The Health Blog just reported on a conversation with J&J's head of drug R&D, Paul Stoffels, on what the drug industry needs to do to survive in a difficult economic and regulatory environment. Here is what he said as reported by HB.
Drugmakers’ struggle for survival boils down to finding new medicines to replace the old. The key, Stoffels told the Health Blog, is “open innovation,” or looking outside of companies for innovation and then collaborating with biotechs or academics on promising compounds.
“All simple diseases have been solved,” Stoffels said. “The next-generation drugs, therapies, are much more complex… You need much more information and science than what you can get out of your own internal labs.”
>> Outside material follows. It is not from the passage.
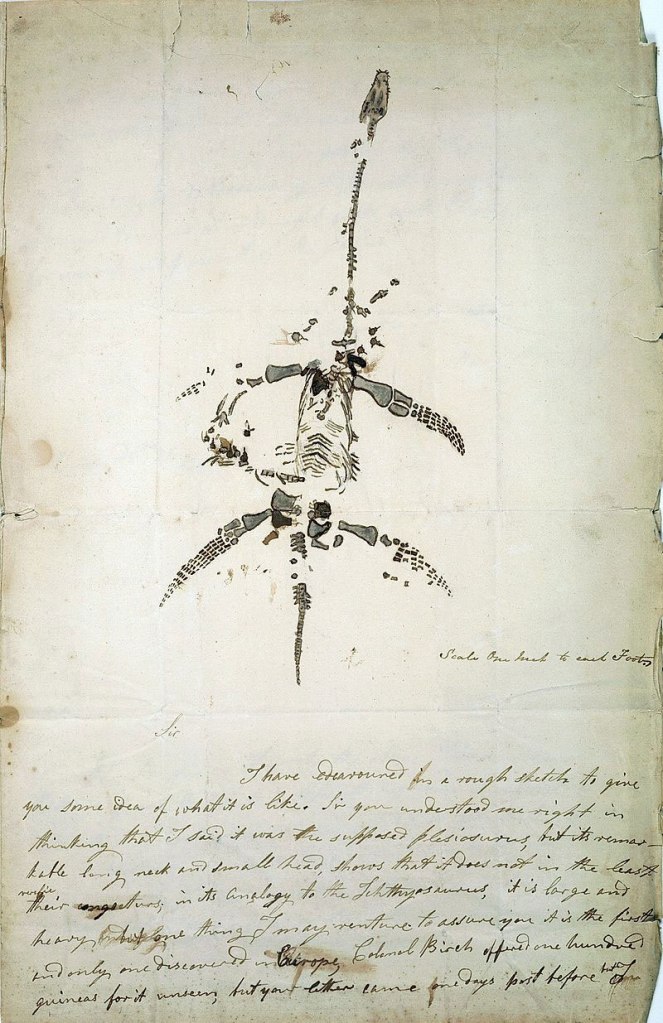 Lettera e disegno di Mary Anning, sulla scoperta del Plesiosaurus dolichodeirus, 1823

Stoffels said he learned the value of external partners “the hard way and also the good way.” When his first HIV drugs — developed in-house — were tested in patients, they didn’t work. He realized he didn’t know enough about the clinical complexity of HIV.
He sought the help of hospitals and other institutions working with patients. A 10-year collaboration led to two J&J HIV medicines — Prezista and Intelence — now on the market.
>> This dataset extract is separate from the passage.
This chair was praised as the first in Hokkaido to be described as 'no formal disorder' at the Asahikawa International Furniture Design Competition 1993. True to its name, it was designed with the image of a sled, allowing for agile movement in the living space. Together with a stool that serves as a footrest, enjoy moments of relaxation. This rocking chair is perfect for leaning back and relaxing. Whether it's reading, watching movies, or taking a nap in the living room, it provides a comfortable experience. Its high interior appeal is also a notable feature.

Others in the industry also have acknowledged that external partnerships will be important for developing innovative drugs moving forward. Critics say the drug industry has no choice but to look to biotechs or academic for help, given companies’ weak internal pipelines and stagnant R&D spending.
The future of the drug industry, Stoffels told the Health Blog, is “building networks where together with a number of different groups you come up with solutions to solve different medical needs.”